His broader point at 59:37 is about the ground truth problem. Even if an LLM-as- judge reaches high accuracy, you still need human-in-the-loop sampling. Without it, you have no way to detect bias that replicates in production over time. He would never have agents operating completely autonomously, regardless of their measured accuracy.
Evaluation Strategy for Agents
Ranjitha Kulkarni covers agent evaluation in Building Agentic AI Systems. Her 51:17 section recommends custom datasets and system benchmarks over public benchmarks like SQuAD, which evaluate model capability rather than system quality. Her 53:20 section treats agent testing like software engineering testing: mocked tools, integration tests, and regression tests with 200-300 test cases for a calendar agent.

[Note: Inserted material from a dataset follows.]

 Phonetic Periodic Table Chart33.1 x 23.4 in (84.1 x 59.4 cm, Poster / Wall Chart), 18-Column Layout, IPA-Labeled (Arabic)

Her 56:02 section emphasizes goal-based evaluation. Rather than checking the exact tool-call path, evaluation focuses on whether the goal was achieved. For example, finding a skip-level manager directly or by traversing an org chart are both valid approaches. The assertion checks the outcome, not the path. This is a key distinction from traditional software testing.

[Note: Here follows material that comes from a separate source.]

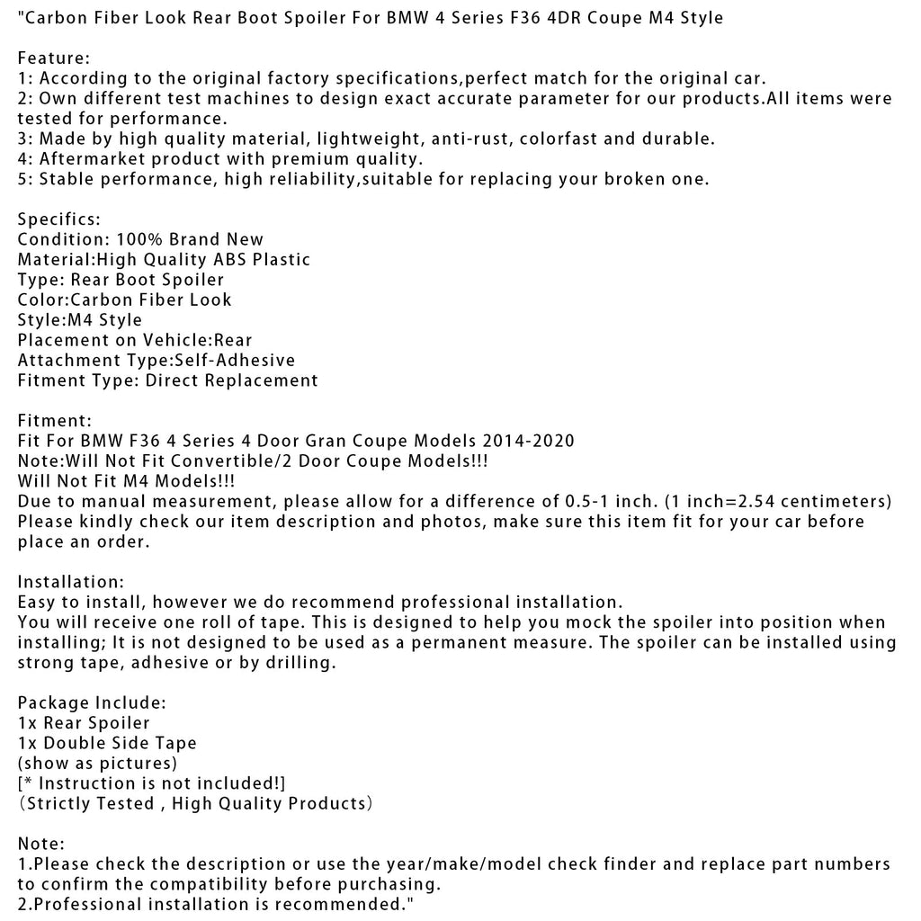 Pasuje do modeli BMW F36 serii 4 Gran Coupe 4-drzwiowych z lat 2014-2020

Hugo Bowne-Anderson adds the generator-evaluator pattern in Practical LLM Engineering and RAG. His 13:56 section introduces a loop where one model generates output and another evaluates it, scoring pass or fail with feedback. His 23:00 section covers gold test sets, cost, and representativeness. His 26:43 section uses failure analysis to decide whether retrieval needs to change. These evaluation habits become more important when systems start calling tools and taking actions.
Aligning LLM Judges with Human Labels
Aditya’s 50:18 section covers aligning LLM judges with human labels. In a multi-tenancy scenario, each customer needs a golden dataset, and evaluation must reach more than 95% accuracy, with critical cases at 100%. An LLM-as-judge is fine-tuned on human data within the use case, but may have bias. To manage this, the judge’s correlation with human annotators should stay above 90-95%. Sampling from production traffic and sending it to human annotators is how teams understand gaps and detect drift.
Evaluation and Monitoring Tools
Micheal Lanham connects evaluation to production monitoring in From Game AI to LLM Agents. His 57:39 section recommends building evaluation pipelines and using tools like Arize Phoenix to monitor LLM communication and prompts. He frames this as applying data science techniques for success metrics: controlling variables and explaining agent behavior for production applications.
Aditya’s 43:30 section adds the enterprise scale version. He discusses feedback intelligence tools that analyze production logs to identify where users are frustrated, feed that into evaluations, and support fine-tuning. He compares this to how cloud providers made databases easier through managed services like MongoDB and Redis. Agent evaluation infrastructure is becoming a similar standardized layer.